In May, 1767, when this sharer of humble fortune lay down to rest, the Stamp Act had been repealed but fourteen months. The eyes of the world were upon Pitt and Burke and Townshend—and Franklin whose memorable examination before the House of Commons was then circulating as a news pamphlet. The social gossip of the day—as Lady Sarah Lennox’s wit recounts—had no more recognition of the villagers than George the Fourth.

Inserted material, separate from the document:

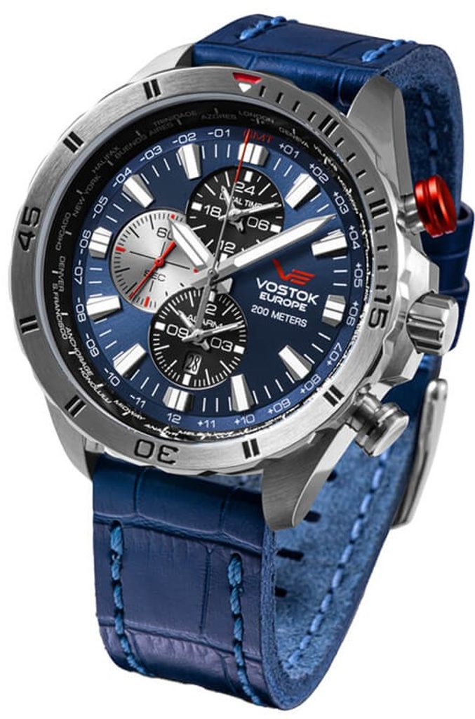 Puzdro hodiniek Vostok Europe Almaz Multifuncional Line YM26-320A652 je vyrobené z nehrdzavejúcej ocele 316L. Vnútri sa nachádza japonský batériový strojček S.Epson YM26. Na pozícii 6 je praktický ukazovateľ dátumu spolu s alarmom. Subciferník na pozícii 12 zobrazuje svetový čas v 24-hodinovom formáte. Centrálna ručička s červeným zakončením zobrazuje aktuálne mesto v druhom časovom pásme. Sekundovú ručičku mimo stredu nájdete na pozícii 9.

But American sinews and muscles such as these hidden on the Litchfield Hills were growing in daily strength by helpful, human exercise, and their “well-lined braine” was reasoning upon the Declaratory Act that “Parliament had power to bind the colonies in all cases whatsoever.”

Another stone a few paces away has quite another story:

“Here lies the body of Mr. Stephen Kelsey, who

died April 2, 1745, in ye 71 year of his age

as you are so was we

as we are you must be”

The peculiarities of this inscription were doubtless the stone-cutter’s; and peradventure it was in the following way that the rhymes—already centuries old in 1745 when Stephen Kelsey died—came to be upon his headstone.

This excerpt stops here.